翻译：综合最佳平行主义安置和减少深层学习的等级系统战略

Ningning Xie,Tamara Norman,Dominik Grewe,Dimitrios Vytiniotis

from arxiv, Submitted to the 5th MLSys Conference

We present a novel characterization of the mapping of multiple parallelism forms (e.g. data and model parallelism) onto hierarchical accelerator systems that is hierarchy-aware and greatly reduces the space of software-to-hardware mapping.

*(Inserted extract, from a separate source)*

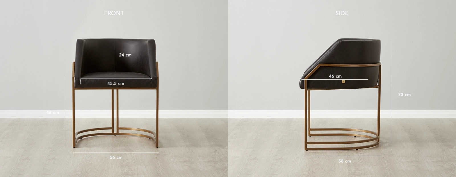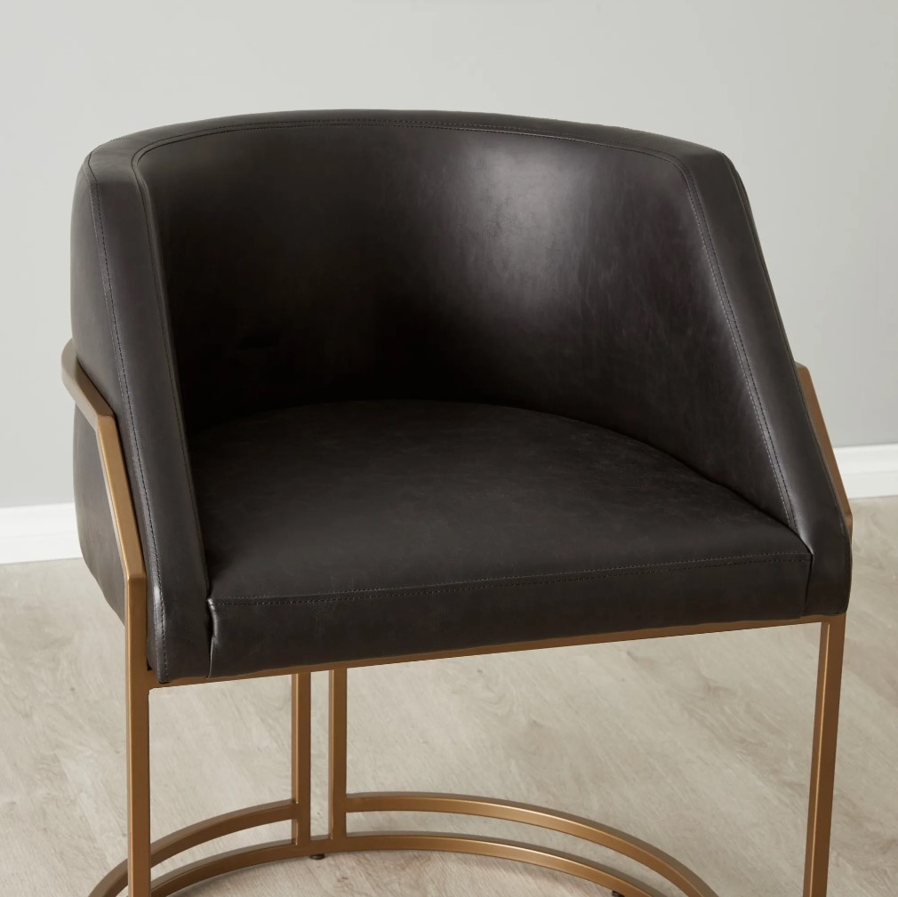 The Sleek Black hue of the leather enhances the chair's luxurious aesthetic, radiating sophistication. Sink into the plush seat and feel the embrace of the smooth and luxurious material. A sturdy metal frame in a brass-coloured finish envelops the seat, adding a touch of sophistication and visual interest. The slender design of the leg frame exudes a sense of lightness and grace, while the brass colour lends an element of timeless charm.

We experimentally verify the substantial effect of these mappings on all-reduce performance (up to 448x). We offer a novel syntax-guided program synthesis framework that is able to decompose reductions over one or more parallelism axes to sequences of collectives in a hierarchy- and mapping-aware way. For 69% of parallelism placements and user requested reductions, our framework synthesizes programs that outperform the default all-reduce implementation when evaluated on different GPU hierarchies (max 2.04x, average 1.27x). We complement our synthesis tool with a simulator exceeding 90% top-10 accuracy, which therefore reduces the need for massive evaluations of synthesis results to determine a small set of optimal programs and mappings.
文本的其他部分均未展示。